The most probable extreme value (MPEV) of VWBM in the short-term sea state depends on the sea state duration $T_d=\mathrm{21,600} \mathrm{s}$, which corresponds to wave data recording at 6-hour intervals:

$$\mathrm{MPEV}\left(\mathrm{VWBM}\right)=\sqrt{m_{0_M}·2ln\left(\frac{T_d}{T_z}\right)}.$$

(8)

$T_z$ is the average zero-crossing period of the response, and it is defined as:

$$T_z=2\pi \sqrt{\frac{m_{0_M}}{m_{2_M}}}$$

(9)

where $m_{0_M}$ and $m_{2_M}$ are the zeroth and second moments of the response spectrum of VWBM [21].

For a period of the availability of wave data (January 1997 to January 2020), annual maximum VWBMs are extracted for all sea states in four locations along the route. Histograms are fitted with Gumbel distribution, which is commonly used as the extreme value distribution function. Parameters of Gumbel distribution are estimated using the method of moments [22,23].

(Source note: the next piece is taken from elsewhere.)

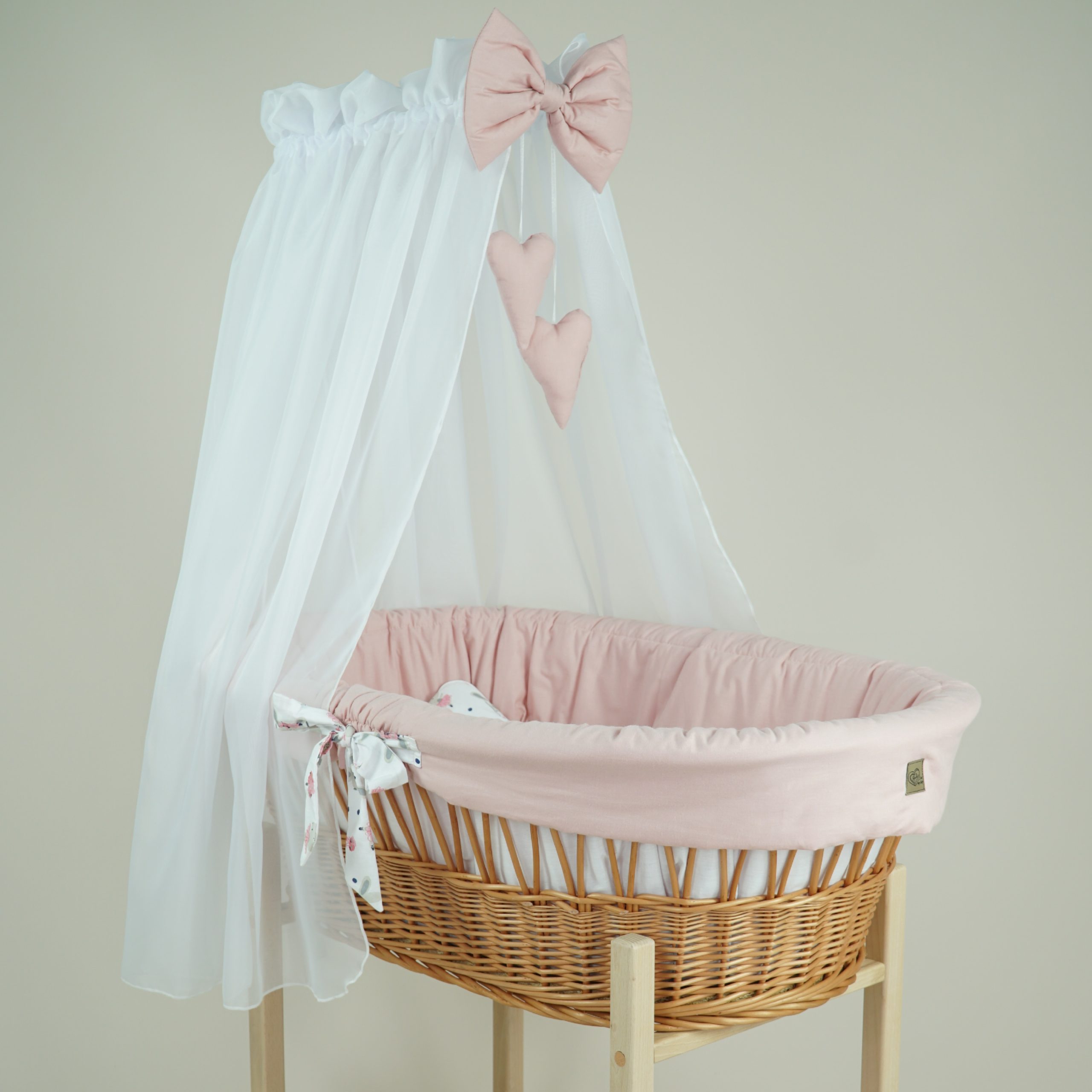 Baldachim dołączony do zestawu to doskonały akcent, który nie tylko podkreśla elegancję kosza Mojżesza, ale także pełni praktyczną rolę. Jego lekka, woalowa tkanina z uroczą kokardą i dwoma serduszkami wprowadza do wnętrza delikatny nastrój, jednocześnie skutecznie chroniąc maluszka przed nadmiarem bodźców zewnętrznych, zapewniając mu spokojny sen i poczucie bezpieczeństwa.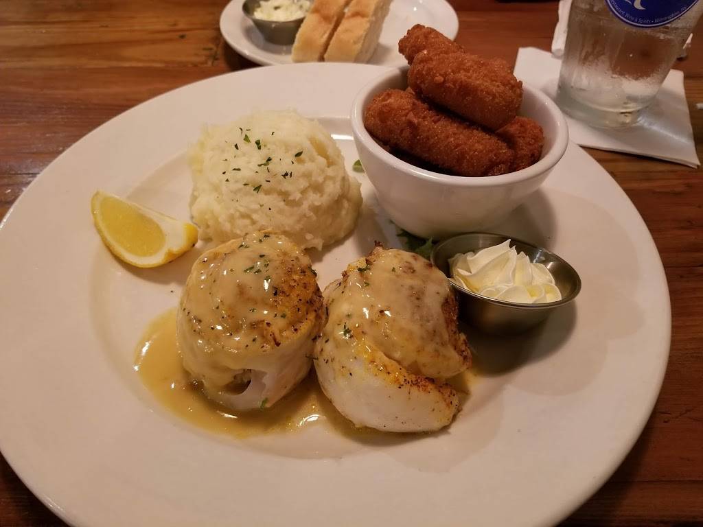 Not much atmosphere, very informal atmosphere but with higher scale food. I ate at bar, bartender delightful. I had the stuffed flounder. Extremely small portion, it looked like 2 scallops as the flounder was wrapped around maybe a teaspoon of crab stuffing. Slaw and mashed potatoes nothing special, but at least tasted good. Disappointed. Overpriced. Oh the bread was great and I liked the way it was cut.

The probability of exceedance of the long-term extreme VWBM can be written as:

$$Q=\frac{1}{RP}$$

(10)

and the probability of non-exceedance is:

$$F=1-Q.$$

(11)

where $RP$ is the return period in years [23].

To determine the resulting extreme value distribution along the shipping route, extreme value distributions at individual locations are to be statistically combined. A certain level of VWBM is exceeded along the whole route if exceeded in any of the locations along the route. This can be modeled by considering individual locations as members in a series probabilistic system. First-order upper and lower bounds on the extreme value distribution along the route can be set by considering members of the series system as statistically independent or fully correlated, respectively. The concept was initially proposed by Mansour and Preston considering wave zones in GWS along the route [24]. If one looks at the data given in Table 3, it appears that extreme values at different locations along the route occur at the same time, so the correlation of sea states between locations could be quite large.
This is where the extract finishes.